Title :
Learning of gestures by imitation using a monocular vision system on a humanoid robot
Author :
Sabbaghi, Elaheh ; Bahrami, M. ; Ghidary, Saeed Shiry
Author_Institution :
Robot. Res. Inst., Amirkabir Univ. of Technol., Tehran, Iran
Abstract :
In this paper, we present a vision-based imitation learning system that enables the humanoid robot to recognize and learn upper body gestures using only single camera mounted on the robot head, without forcing demonstrator (human/robot) to wear a certain color or patches. Insufficient information in monocular images and the complicated nature of human motion, make the 3D human pose reconstruction challenging. In the motion capture system, a learning-based method is used to recover 3D pose of upper body (shoulder and elbow joint angles) from monocular images by direct nonlinear regression against shape descriptor vectors extracted from image silhouettes. The goal of proposed imitation learning system is generalization over multiple demonstrations and learning them. To achieve this goal, a set of joint angle trajectories used for training, first project to a latent space with PCA and then align temporally using DTW. Obtained signals are modeled using Gaussian distributions (GMM) and then generalized using Gaussian mixture regression. This system is evaluated qualitatively on human3.6m dataset and quantitatively on sequence of images captured by robot camera. The system is also implemented and tested on the Nao humanoid robot.

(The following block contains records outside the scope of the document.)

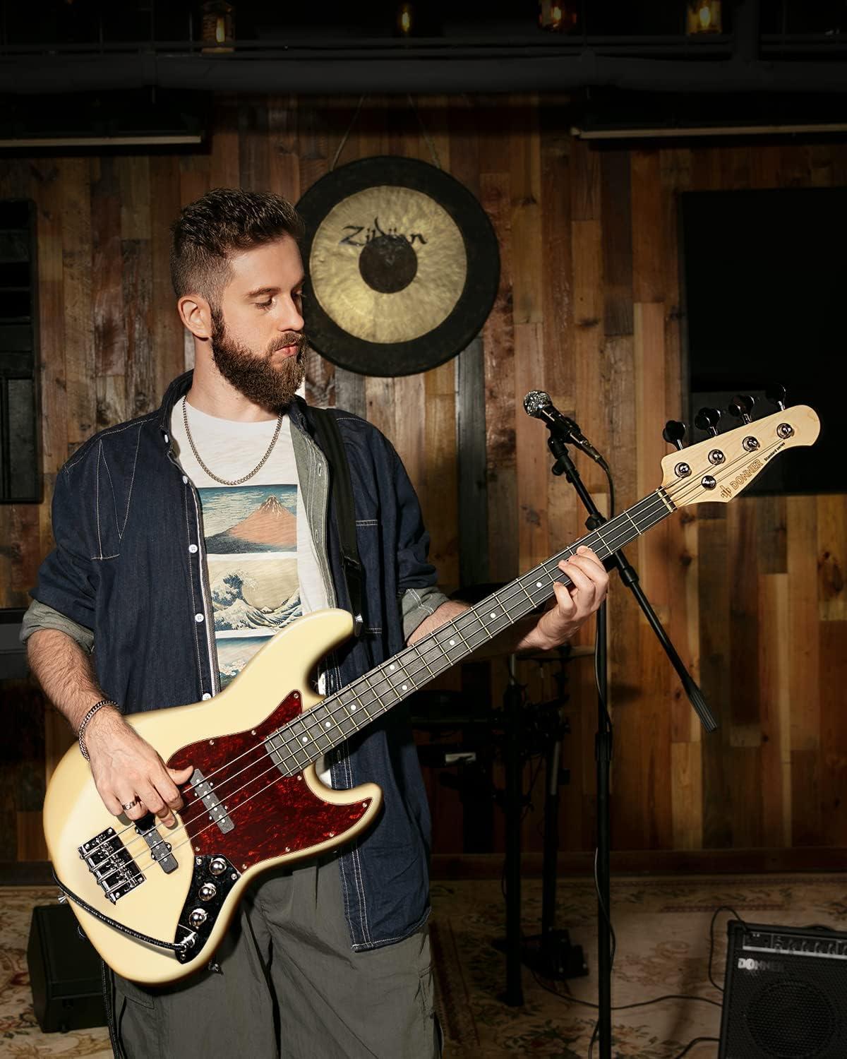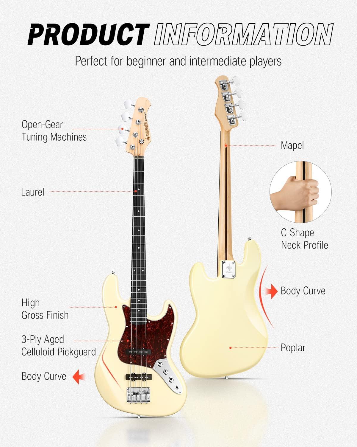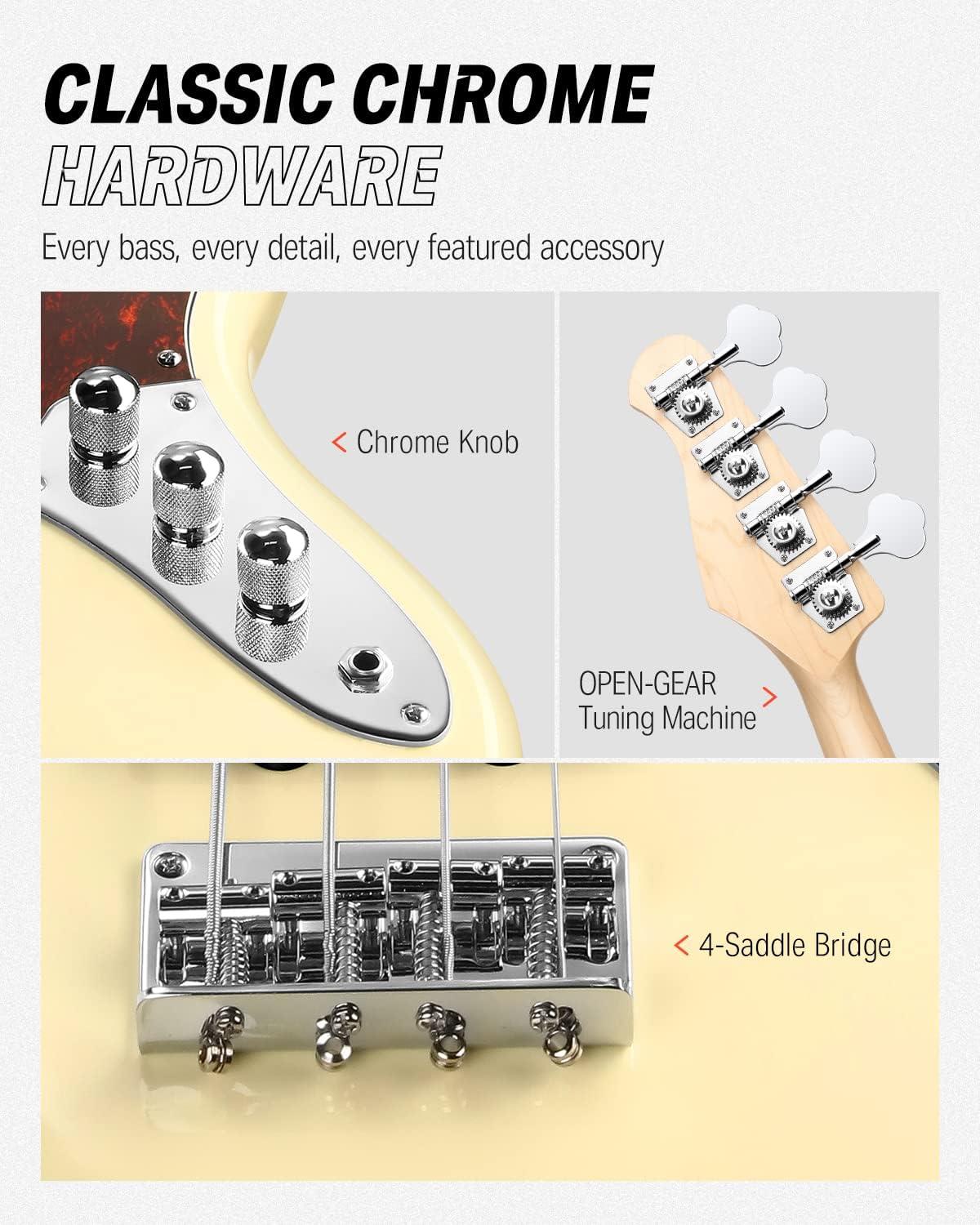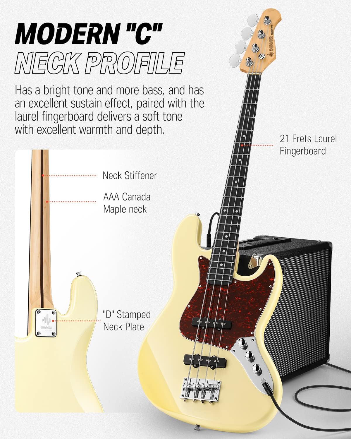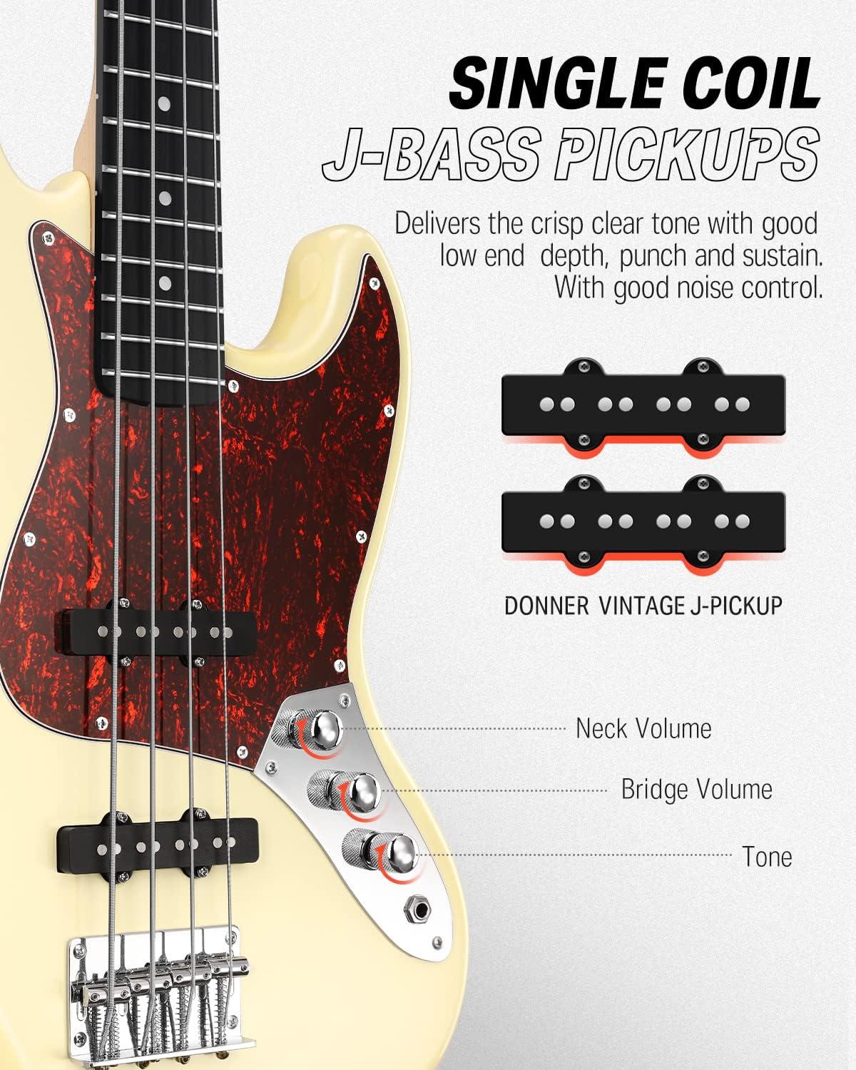 [Classic Bass Pickups]: Donner PB-Style electric bass with classic bass pickups, deliver classic tones with all the warmth and crisp, clear sound, always the first choice for bass players. The bass is lightweight and designed for portable play
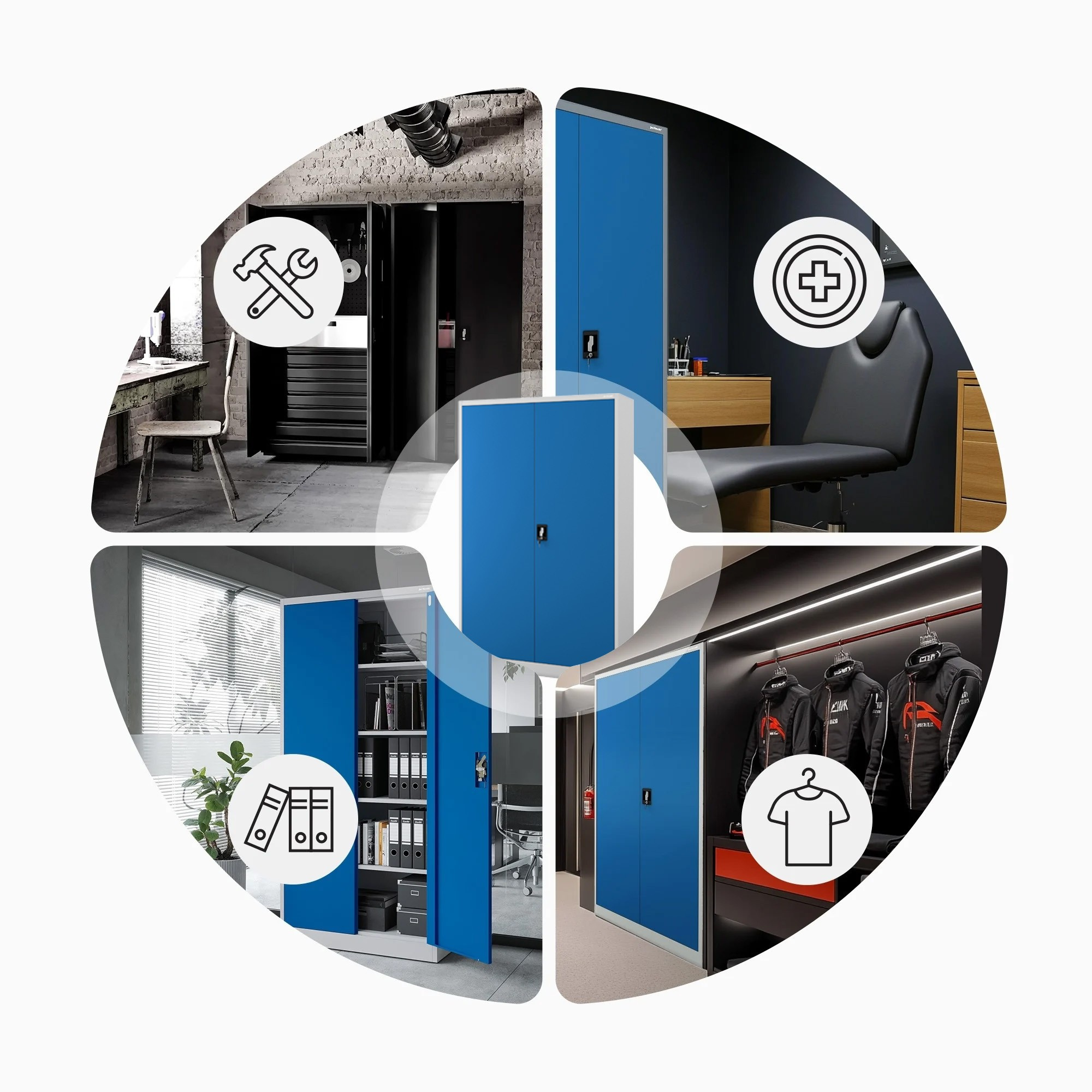 Kancelářská kovová skříň na dokumenty šedo-modrá JAN II, 1150 x 1850 x 400 mm
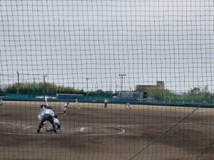 巻き返しを期した2セットめだったが、相手の勢いを止められず、14対25と力及ばず。あとの2試合に懸けるしかない。気持ちをうまく切り替えて臨んでほしい。果たして結果はいかに?と、残り2試合を残して(後の部員の報告によると、1勝2敗で2部残留とのこと)、野球部の春季大会3回戦へ。
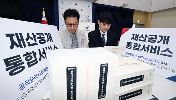 인사혁신처 관계자들이 지난 3월 26일 세종시 정부세종청사에서 ‘2025년 공직자 정기 재산변동 사항 공개목록’을 살펴보고 있다. 인사혁신처 제공 |
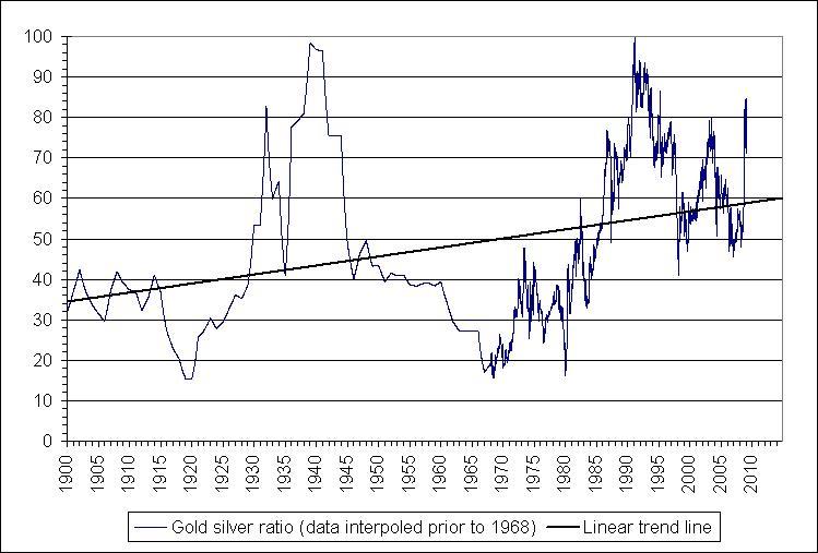 – In the last 25 years (since 1985) the mean silver:gold ratio has increased to 66.9:1
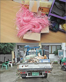 | 범인 김점덕씨가 한양 살해에 사용한 노끈(위)과 트럭. |
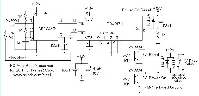 This circuit provides the necessary timing to virtually press the PC's power on switch and the PC's reset switch. If the PC uses an external 12V power supply, such as a Mini-ITX device, power for this circuit can come from the PC's power supply. For larger desktop systems, it may be necessary to power this circuit with an external 12V DC supply such as a wall-wart.

Experimental results show that the proposed system is capable to effectively perceive, recognize and learn demonstrated gestures in real scenarios.
Keywords :
Gaussian processes; computer graphics; gesture recognition; humanoid robots; mixture models; motion estimation; pose estimation; regression analysis; robot vision; 3D human pose reconstruction; GMM; Gaussian distributions; Gaussian mixture regression; Nao humanoid robot; PCA; body gestures; complicated nature; forcing demonstrator; human motion; image silhouettes; latent space; learning-based method; monocular images; monocular vision system; motion capture system; nonlinear regression; robot camera; robot head; shape descriptor vectors; single camera; vision-based imitation learning system; Estimation; Joints; Learning systems; Robot sensing systems; Three-dimensional displays; Trajectory; Gaussian mixture model; Gaussian mixture regression; human pose estimation; imitation learning; monocular vision;
Conference_Titel :
Robotics and Mechatronics (ICRoM), 2014 Second RSI/ISM International Conference on
Conference_Location :
Tehran
DOI :
10.1109/ICRoM.2014.6990966